In this section, Kepler calculates the exact relationship between the competing powers of the sesquialterate (3/2-power) relationship between a planet's mean distance and its orbital time, and the inverse-squared distance between the distance and apparent speed within one orbit. His language is very difficult to follow, and modern readers, more familiar with algebra than with Kepler's notation, may find it very time-consuming to come to understand his work. The following PDF works through the application of the two competing powers using more modern notation, while reaching exactly the same conclusion that Kepler arrived at.

The problem is posed in calculating exactly which harmonies two planets can sing with each other, when their converging distances are fixed by the Platonic solid lying between them. By adjusting the eccentricities of the planets, there is a whole range of possible planetary systems that can be created, all with the same solids between the spheres. Basically, Kepler consideres how changing the thickness of the spheres containing the planetary orbits in his model from the Mysterium Cosmographicum will affect the speeds of the planets.

Click here for the pdf.

This relationship between the relative distances of the orbits implies what their potential converging and diverging harmonies could be. Within this region of possibility, the best possible harmonies with respect to the entire system of planets then dictate the planets’ eccentricities, which in turn, can violate the dictate of the distances to a certain degree. From the proportional relation of the planets’ mean distances to their converging extreme distances, Kepler can quickly check what harmonic relationships were possible for these planets. For instance, if the “proportion of the spheres” of two planets were 1000 to 795, how large would the proportion of their eccentricities need to be for these planets to make a major or minor third?

Conclusion

The nested solids define the large question of how the planets are ordered, “the number of the six primary spheres has properly been taken from the five solids alone, their proportion principally from the five geometrical solids; but it has conceded very small amounts all around to the motions, as it was the final cause which was accepted for the idea of the operation right from the start. And this is to be understood of the motions of each planet, its slowest on the one hand and its fastest on the other, that is of the motions considered as the cause of its particular properties.
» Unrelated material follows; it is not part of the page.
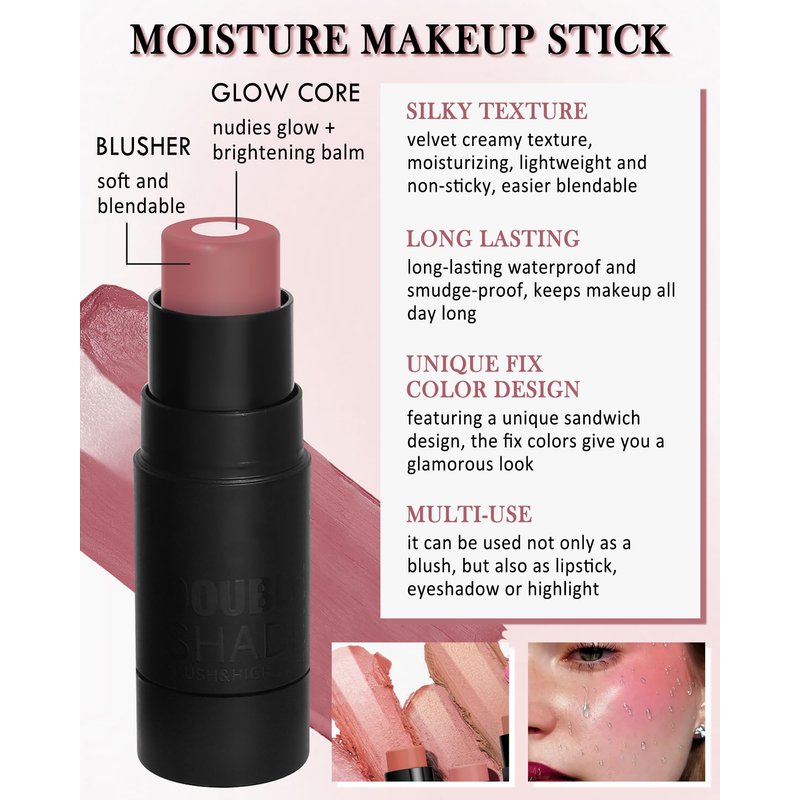 - Unique Design - Unlike traditional blushes on the market, this 2-in-1 sandwich blush stick has a facial brightening core in the inside, a smooth creamy formula and high-pigment blush on the outside, which blends effortlessly with all skin tones, leaving a lightweight, non-greasy feel natural shine finish in seconds.

Indeed the periodic motions, that is to say, the number of days assigned to the revolutions of each individual planet, have both on account of the proportion of the orbits and on account of the eccentricities (which have been established from the harmonies) regressed further from the five solids.” (Mysterium Cosmographicum). Both the motions and the relative distances are coherent in one universe. “The bodies which make up the universe are not parts of one continuous quantity… the bodies of the universe are allotted spaces which are solid, or of three dimensions, to traverse.” (Mysterium Cosmographicum) The “space” between the planets is a function of distinct regions delimited by the solids, whose “nobility depends on their simplicity… for just as God is the model and rule for living creatures, so the sphere is for the solids… (and the sphere) is extremely simple, because it is enclosed by a single boundary, namely itself.” But the motions of the individual planets, their voices, were “the final cause which was accepted for the idea of the operation right from the start.” The harmony of the individual voices is the primary cause, yet the range of action which is possible for these harmonies is delimited by the boundaries of the solids, which in turn must give way for the harmonies. The relative distances and relative motions of the planets are subject to different domains, and are yet unified in a single idea.
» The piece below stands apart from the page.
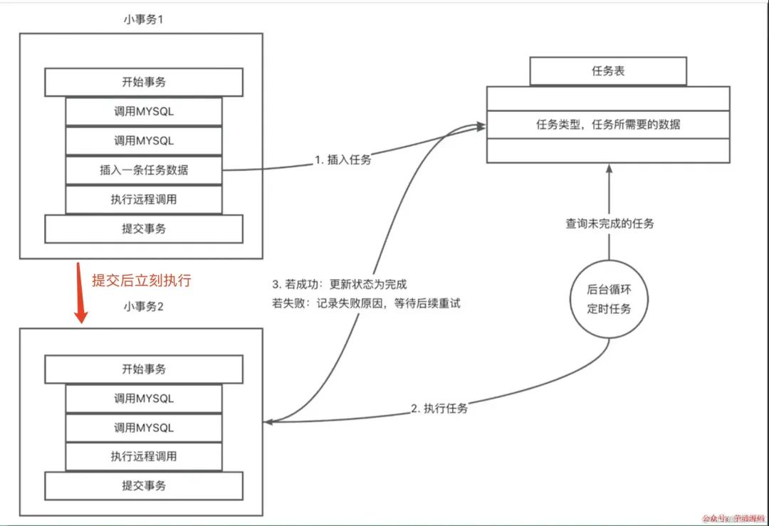 如果小事务顺利执行,会立刻将该任务改为“成功”,因此从用户端是感受不到延迟的

Thus, the personality of the Sun acts through the entire solar system, like a conductor conveying an idea in music through the medium of the activity of the individual members of the orchestra. And each of those members is himself a sovereign in his own right, not a featureless automaton, but a unique individual with his own voice. The conductor then unifies these multifarious voices into a one.

This thirteenth proposition of chapter 3 is therefore concerned with potential. What were possible in this self-bounded universe of dynamic play?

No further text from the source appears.